*** Entries shown ***
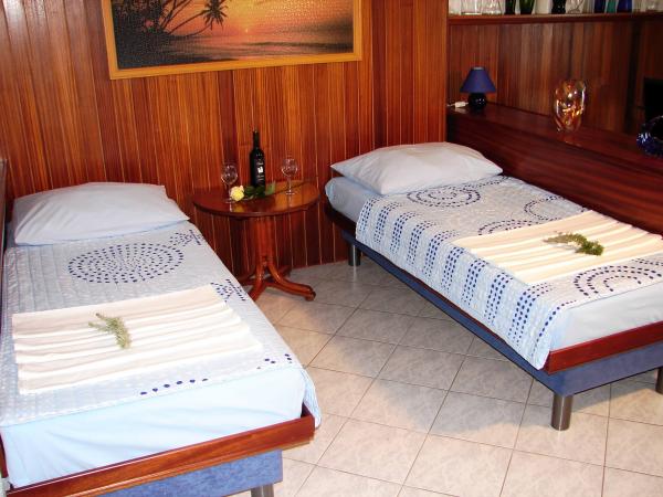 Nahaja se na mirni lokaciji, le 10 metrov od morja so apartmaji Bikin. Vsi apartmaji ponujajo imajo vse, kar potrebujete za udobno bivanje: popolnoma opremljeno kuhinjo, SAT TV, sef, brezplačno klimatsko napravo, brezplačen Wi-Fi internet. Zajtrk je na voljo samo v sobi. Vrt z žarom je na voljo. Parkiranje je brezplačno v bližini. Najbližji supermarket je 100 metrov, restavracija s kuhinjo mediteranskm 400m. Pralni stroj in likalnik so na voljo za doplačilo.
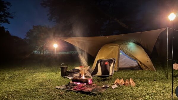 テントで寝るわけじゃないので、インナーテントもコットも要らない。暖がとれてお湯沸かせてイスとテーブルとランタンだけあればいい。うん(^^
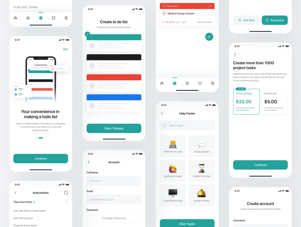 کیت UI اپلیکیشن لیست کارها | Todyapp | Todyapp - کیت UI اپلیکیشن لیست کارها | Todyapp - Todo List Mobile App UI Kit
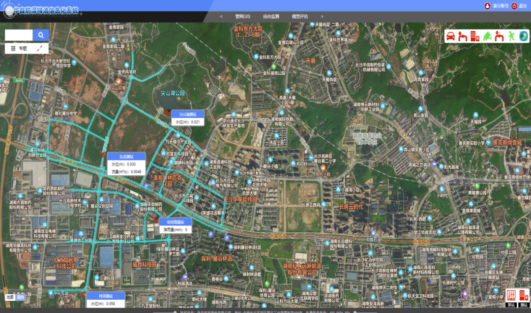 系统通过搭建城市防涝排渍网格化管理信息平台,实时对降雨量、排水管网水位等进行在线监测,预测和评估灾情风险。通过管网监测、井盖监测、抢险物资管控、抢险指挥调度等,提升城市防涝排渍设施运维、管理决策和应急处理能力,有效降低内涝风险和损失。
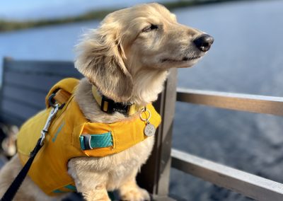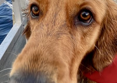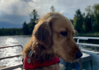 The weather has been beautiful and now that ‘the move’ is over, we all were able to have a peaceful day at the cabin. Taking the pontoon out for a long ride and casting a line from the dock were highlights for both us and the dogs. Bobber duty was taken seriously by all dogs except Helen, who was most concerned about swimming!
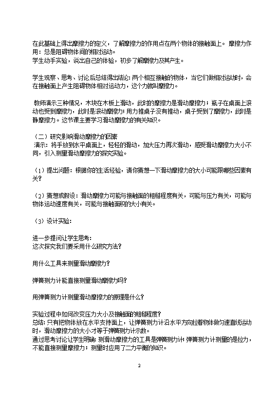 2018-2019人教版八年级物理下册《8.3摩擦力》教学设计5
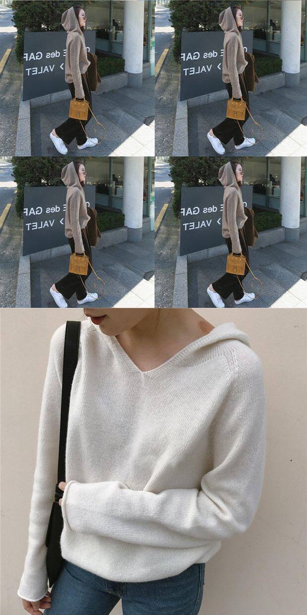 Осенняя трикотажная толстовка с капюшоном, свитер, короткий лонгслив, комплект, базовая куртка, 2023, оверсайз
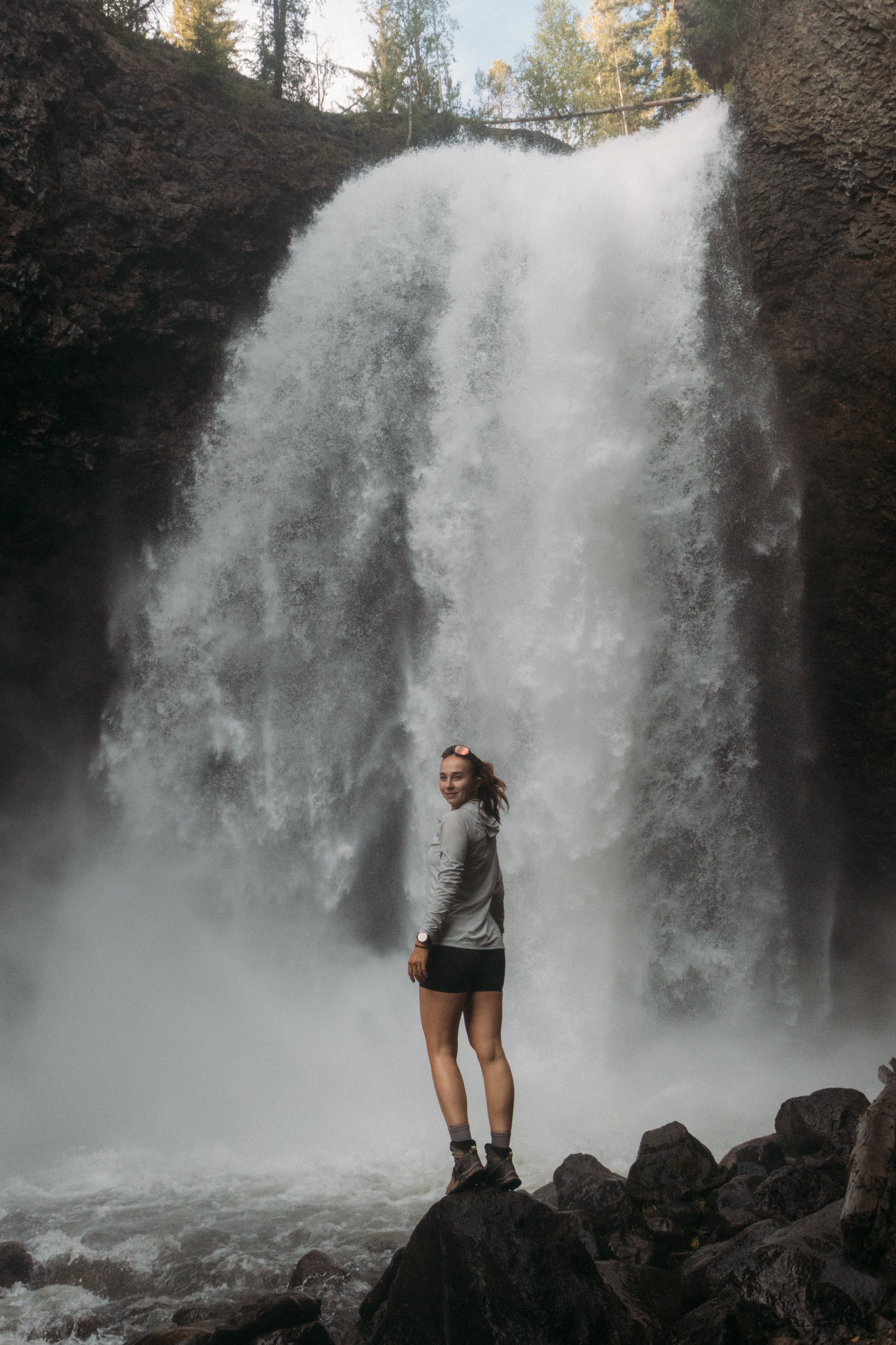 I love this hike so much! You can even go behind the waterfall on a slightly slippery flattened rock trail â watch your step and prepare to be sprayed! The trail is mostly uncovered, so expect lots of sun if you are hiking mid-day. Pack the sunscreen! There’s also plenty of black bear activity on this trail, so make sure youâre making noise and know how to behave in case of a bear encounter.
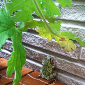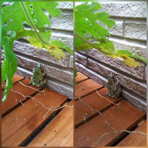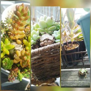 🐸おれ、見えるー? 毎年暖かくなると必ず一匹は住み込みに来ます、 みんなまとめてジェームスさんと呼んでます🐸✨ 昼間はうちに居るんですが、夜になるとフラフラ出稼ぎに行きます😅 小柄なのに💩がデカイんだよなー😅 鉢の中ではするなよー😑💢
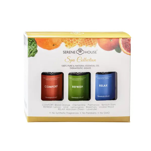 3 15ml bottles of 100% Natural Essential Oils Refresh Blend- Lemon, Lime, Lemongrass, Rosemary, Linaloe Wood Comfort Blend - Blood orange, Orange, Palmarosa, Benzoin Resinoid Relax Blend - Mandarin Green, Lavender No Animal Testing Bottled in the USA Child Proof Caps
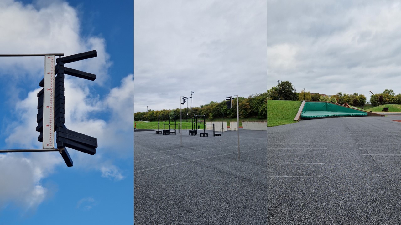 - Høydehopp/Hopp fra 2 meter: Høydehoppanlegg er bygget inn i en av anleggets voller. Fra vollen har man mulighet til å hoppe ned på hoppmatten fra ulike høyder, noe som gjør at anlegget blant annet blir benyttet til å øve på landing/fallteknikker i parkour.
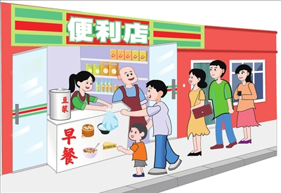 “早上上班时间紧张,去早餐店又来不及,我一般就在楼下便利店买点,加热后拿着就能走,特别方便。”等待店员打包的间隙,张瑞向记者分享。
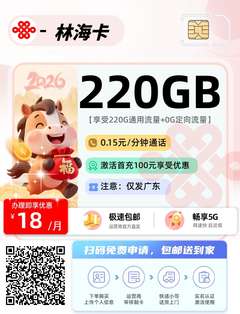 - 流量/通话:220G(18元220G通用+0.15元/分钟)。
*** End of Entries shown ***
--- Task details ---
Print each line of the listing, starting at its first and ending with the line that holds "昼間はうちに居るんですが、夜になるとフラフラ出稼ぎに行きます😅 小柄なのに💩がデカイんだよなー😅 鉢の中ではするなよー😑💢", but skip any pictures.

--- Reply ---
 Nahaja se na mirni lokaciji, le 10 metrov od morja so apartmaji Bikin. Vsi apartmaji ponujajo imajo vse, kar potrebujete za udobno bivanje: popolnoma opremljeno kuhinjo, SAT TV, sef, brezplačno klimatsko napravo, brezplačen Wi-Fi internet. Zajtrk je na voljo samo v sobi. Vrt z žarom je na voljo. Parkiranje je brezplačno v bližini. Najbližji supermarket je 100 metrov, restavracija s kuhinjo mediteranskm 400m. Pralni stroj in likalnik so na voljo za doplačilo.
 テントで寝るわけじゃないので、インナーテントもコットも要らない。暖がとれてお湯沸かせてイスとテーブルとランタンだけあればいい。うん(^^
 کیت UI اپلیکیشن لیست کارها | Todyapp | Todyapp - کیت UI اپلیکیشن لیست کارها | Todyapp - Todo List Mobile App UI Kit
 系统通过搭建城市防涝排渍网格化管理信息平台,实时对降雨量、排水管网水位等进行在线监测,预测和评估灾情风险。通过管网监测、井盖监测、抢险物资管控、抢险指挥调度等,提升城市防涝排渍设施运维、管理决策和应急处理能力,有效降低内涝风险和损失。
 The weather has been beautiful and now that ‘the move’ is over, we all were able to have a peaceful day at the cabin. Taking the pontoon out for a long ride and casting a line from the dock were highlights for both us and the dogs. Bobber duty was taken seriously by all dogs except Helen, who was most concerned about swimming!
 2018-2019人教版八年级物理下册《8.3摩擦力》教学设计5
 Осенняя трикотажная толстовка с капюшоном, свитер, короткий лонгслив, комплект, базовая куртка, 2023, оверсайз
 I love this hike so much! You can even go behind the waterfall on a slightly slippery flattened rock trail â watch your step and prepare to be sprayed! The trail is mostly uncovered, so expect lots of sun if you are hiking mid-day. Pack the sunscreen! There’s also plenty of black bear activity on this trail, so make sure youâre making noise and know how to behave in case of a bear encounter.
 🐸おれ、見えるー? 毎年暖かくなると必ず一匹は住み込みに来ます、 みんなまとめてジェームスさんと呼んでます🐸✨ 昼間はうちに居るんですが、夜になるとフラフラ出稼ぎに行きます😅 小柄なのに💩がデカイんだよなー😅 鉢の中ではするなよー😑💢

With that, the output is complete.